• _Assignment_: Pictures are to be skipped. Retype exactly the lines from the top of the material through the one with "SHANNA corner - sofabed", and only those.

• _Exercise data_:
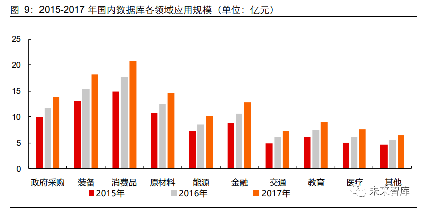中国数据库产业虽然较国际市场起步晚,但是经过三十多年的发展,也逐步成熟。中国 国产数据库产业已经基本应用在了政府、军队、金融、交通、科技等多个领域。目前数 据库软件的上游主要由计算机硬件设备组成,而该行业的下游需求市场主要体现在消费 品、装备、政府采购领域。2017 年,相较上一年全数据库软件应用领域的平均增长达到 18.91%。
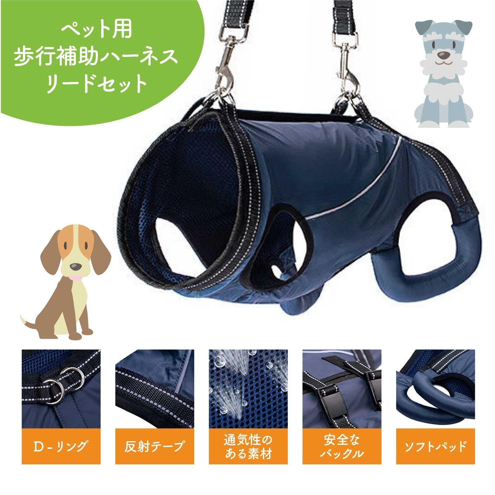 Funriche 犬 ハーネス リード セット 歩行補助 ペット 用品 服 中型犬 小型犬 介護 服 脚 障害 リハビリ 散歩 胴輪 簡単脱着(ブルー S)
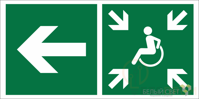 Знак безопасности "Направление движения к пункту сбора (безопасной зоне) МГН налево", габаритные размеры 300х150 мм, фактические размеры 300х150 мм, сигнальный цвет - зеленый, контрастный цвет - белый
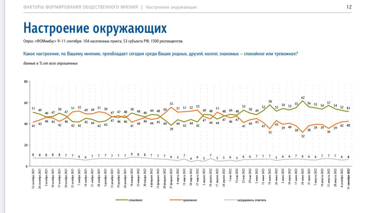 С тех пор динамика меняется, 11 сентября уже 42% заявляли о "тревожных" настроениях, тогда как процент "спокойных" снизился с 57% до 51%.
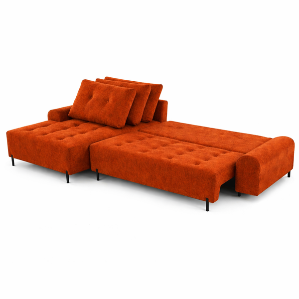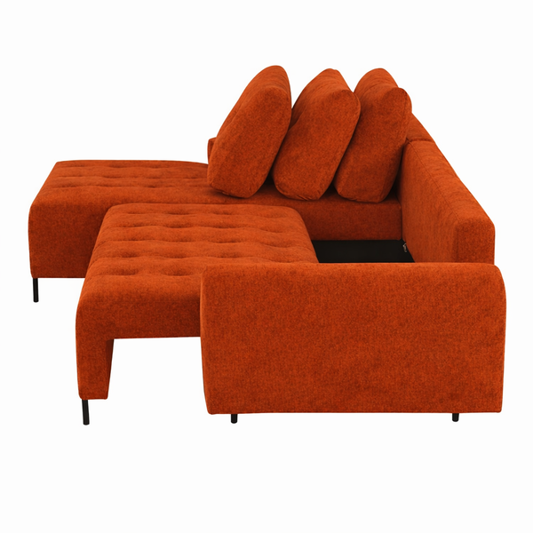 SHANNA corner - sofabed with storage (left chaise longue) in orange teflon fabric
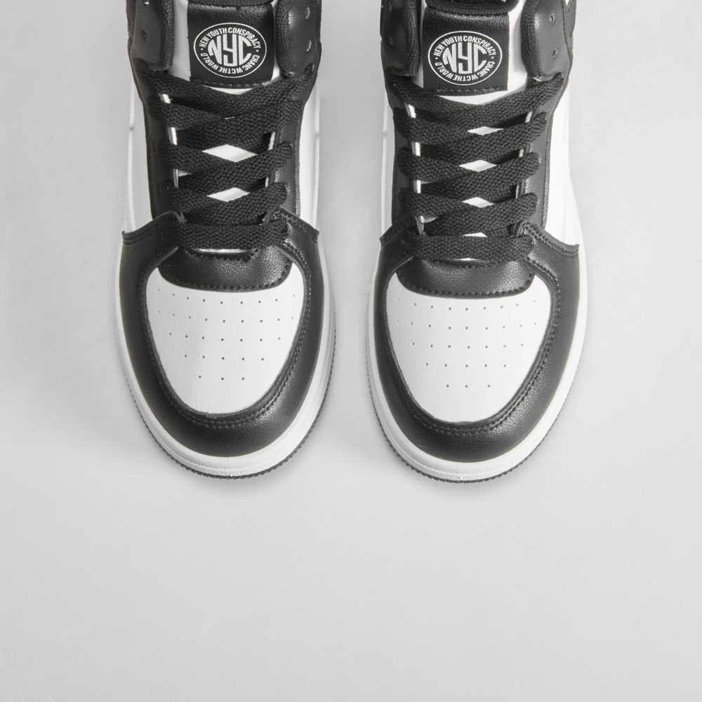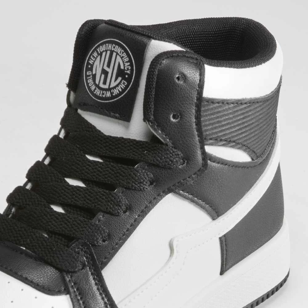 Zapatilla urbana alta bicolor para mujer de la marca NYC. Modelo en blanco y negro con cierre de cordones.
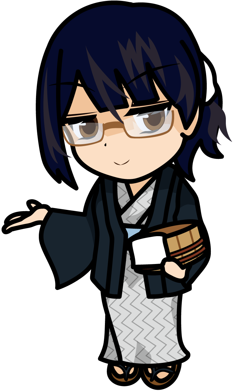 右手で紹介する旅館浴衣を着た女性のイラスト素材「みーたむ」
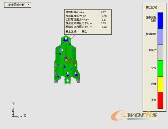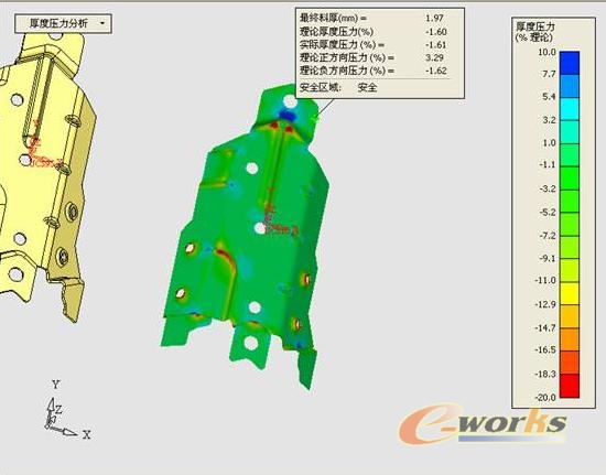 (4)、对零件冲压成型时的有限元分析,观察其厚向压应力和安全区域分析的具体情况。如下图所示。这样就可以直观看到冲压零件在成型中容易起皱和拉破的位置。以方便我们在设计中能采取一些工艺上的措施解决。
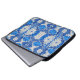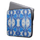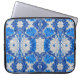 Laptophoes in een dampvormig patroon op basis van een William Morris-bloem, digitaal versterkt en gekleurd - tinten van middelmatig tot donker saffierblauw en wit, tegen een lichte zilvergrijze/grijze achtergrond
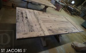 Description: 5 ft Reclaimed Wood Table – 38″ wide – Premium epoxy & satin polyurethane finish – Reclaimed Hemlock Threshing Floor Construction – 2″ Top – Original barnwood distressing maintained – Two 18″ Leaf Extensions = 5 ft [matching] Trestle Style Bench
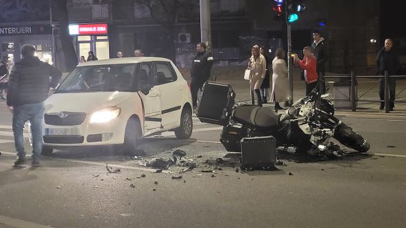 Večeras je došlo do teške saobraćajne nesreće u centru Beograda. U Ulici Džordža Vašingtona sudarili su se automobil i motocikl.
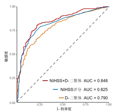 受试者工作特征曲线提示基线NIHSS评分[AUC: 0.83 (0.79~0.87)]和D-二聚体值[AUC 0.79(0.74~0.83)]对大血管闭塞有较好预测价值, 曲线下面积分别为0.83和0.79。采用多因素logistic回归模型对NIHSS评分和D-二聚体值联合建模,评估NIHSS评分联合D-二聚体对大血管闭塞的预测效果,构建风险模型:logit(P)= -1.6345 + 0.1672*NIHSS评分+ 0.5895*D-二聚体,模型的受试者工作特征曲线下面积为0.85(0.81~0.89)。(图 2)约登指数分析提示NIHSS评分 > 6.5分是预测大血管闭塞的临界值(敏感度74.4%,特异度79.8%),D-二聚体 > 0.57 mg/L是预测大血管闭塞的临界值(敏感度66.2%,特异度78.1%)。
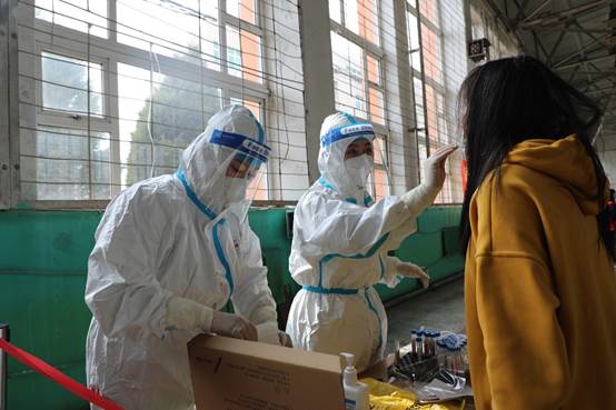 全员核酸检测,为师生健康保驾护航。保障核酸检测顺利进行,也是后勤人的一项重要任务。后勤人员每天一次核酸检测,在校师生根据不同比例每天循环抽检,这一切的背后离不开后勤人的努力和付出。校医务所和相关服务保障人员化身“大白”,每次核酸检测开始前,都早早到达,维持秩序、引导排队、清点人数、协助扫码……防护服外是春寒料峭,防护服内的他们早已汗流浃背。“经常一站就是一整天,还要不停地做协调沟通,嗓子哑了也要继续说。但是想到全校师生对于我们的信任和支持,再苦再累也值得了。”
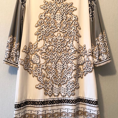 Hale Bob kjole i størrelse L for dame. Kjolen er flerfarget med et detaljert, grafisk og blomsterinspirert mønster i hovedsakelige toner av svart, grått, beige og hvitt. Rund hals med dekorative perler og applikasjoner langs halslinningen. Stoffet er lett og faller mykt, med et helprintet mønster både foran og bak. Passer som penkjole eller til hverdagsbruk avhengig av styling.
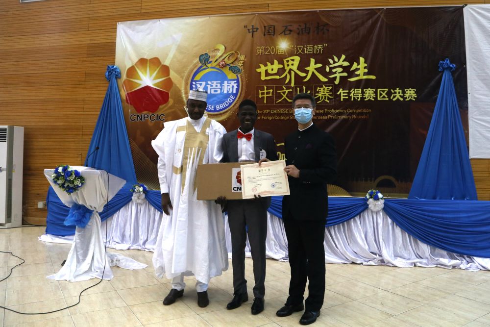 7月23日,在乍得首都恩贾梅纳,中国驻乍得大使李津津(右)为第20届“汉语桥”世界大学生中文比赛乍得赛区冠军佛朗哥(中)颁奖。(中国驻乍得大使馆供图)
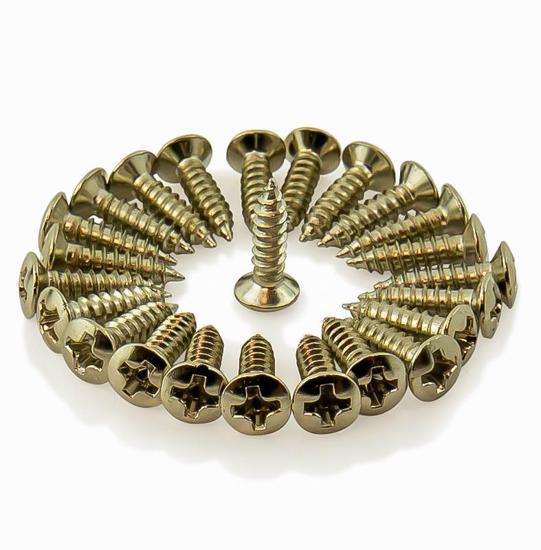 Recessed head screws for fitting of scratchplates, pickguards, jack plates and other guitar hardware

• _The completed task_:
中国数据库产业虽然较国际市场起步晚,但是经过三十多年的发展,也逐步成熟。中国 国产数据库产业已经基本应用在了政府、军队、金融、交通、科技等多个领域。目前数 据库软件的上游主要由计算机硬件设备组成,而该行业的下游需求市场主要体现在消费 品、装备、政府采购领域。2017 年,相较上一年全数据库软件应用领域的平均增长达到 18.91%。
 Funriche 犬 ハーネス リード セット 歩行補助 ペット 用品 服 中型犬 小型犬 介護 服 脚 障害 リハビリ 散歩 胴輪 簡単脱着(ブルー S)
 Знак безопасности "Направление движения к пункту сбора (безопасной зоне) МГН налево", габаритные размеры 300х150 мм, фактические размеры 300х150 мм, сигнальный цвет - зеленый, контрастный цвет - белый
 С тех пор динамика меняется, 11 сентября уже 42% заявляли о "тревожных" настроениях, тогда как процент "спокойных" снизился с 57% до 51%.
 SHANNA corner - sofabed with storage (left chaise longue) in orange teflon fabric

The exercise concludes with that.